起初小兰还能咬牙忍着,片刻之后就再也绷不住,浑身剧烈地扭动起来。
“快停下!快停下!”
“哈哈哈!”
“疼疼疼!”
起初她还是笑着的,可笑着笑着,脸上就被痛苦之色所取代。
疼痛与快乐交杂,让人一时间分不清楚,这究竟是哪种刑罚。
眼泪流着,嘴角上扬着,脚底上鲜血直淌。
一时之间构成了诡异的画面。
橘红在一旁看得脸色变了又变。
这位姑爷的手段当真是闻所未闻,让人头皮发麻。
可偏偏莫名地让人又敬又怕。
一旁的几个家丁表情亮亮的。
原来还有这种刑罚,必须得记下来,今后再去审问他人,这又是一大利器。
一刻钟过去,小兰笑得虚脱,瘫在柱子上,脚底板更是鲜血直流。
蜜汁已经被舔完,羊都已经不再舔了,她还是没开口。
半晌之后,她缓过劲来,朝着林凡咧嘴一笑。
“就这,有本事你弄死我!”
“你弄不死我,定叫你百倍奉还!”
啪啪啪!
林凡拍着手,笑容不减。
“硬骨头啊,我最喜欢了。”
林凡开始在木屋里转悠起来,手掌抚过一个个刑具。
只能说现在的人想象力还是太过贫瘠,不是毒药就是鞭子。
他拿起一个瓷瓶,橘红赶忙上前,小心翼翼地接过,低声解释起来。
“姑爷,这是肠穿肚烂丸。
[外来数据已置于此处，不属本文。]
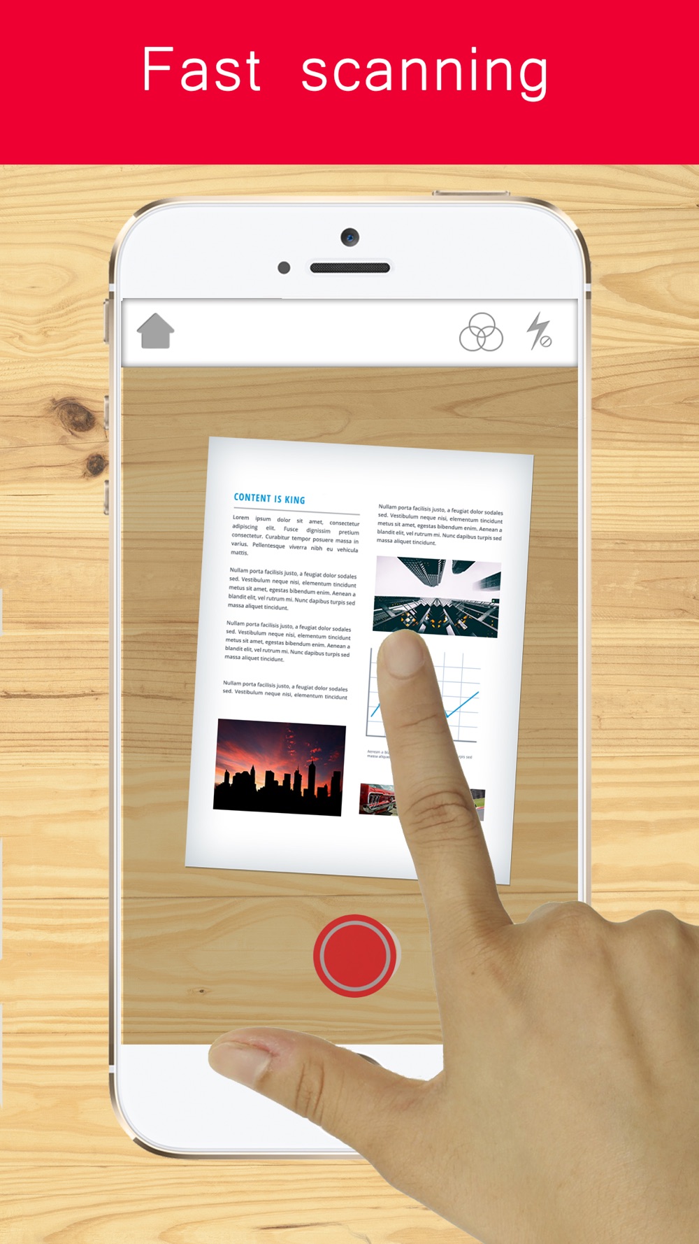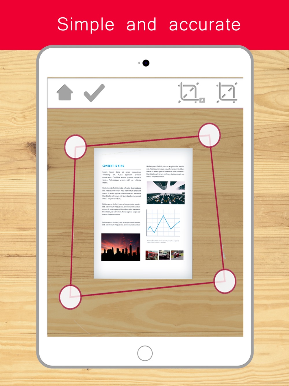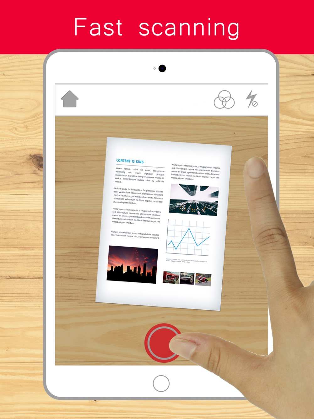 " 有了这个程序,你的设备变成一个口袋扫描仪。您的相片,实况发言:,收据,连黑板,将快速,轻松地数字化。可以在拍摄照片的网站或挑选一个从您的画廊之间进行选择。

”
“吃了之后肠穿肚烂,疼痛半个时辰才会死。”
“中间辅以参汤,更能让她坚持两个时辰以上。是要用这个吗?”
小兰偏过头去,闭上了眼。
“来呀,不就是几个时辰吗?”
“我皱一下眉头,我就是你生的!”
“你看,咱们的这位明显不喜欢啊。”
林凡悠悠地说着,全然没顾橘红和那几名负责行刑的家丁难看的表情。
“姑爷,我这里还有一个法子。”
家丁咽了口唾沫,突然站了出来,眼神无比坚定,伸手从桌上拿出巴掌大小薄如蝉翼的小刀。
“小人祖上是在宫中的,练的是净身和凌迟的手法。”
“小人不才,没得真传,拿生猪肉试过,最多两百刀。”
“但小人有能耐,让她在两百刀内把话全都说出来。”
凌迟?
听到这个,饶是小兰眼神中都蹦出一抹惧意,不过很快她就把这抹恐惧压了下去。
大不了就是一死。
林凡想了想那个画面,打了个寒颤,连连摆手。
“不行不行,你这个做法太残忍了。”
啊?
听着姑爷的话,家丁看了看一旁还在那儿舔舌头的羊。
咱俩之间,到底谁残忍?
林凡摸索着下巴,突然打了个响指。
“我这里,有一个办法。”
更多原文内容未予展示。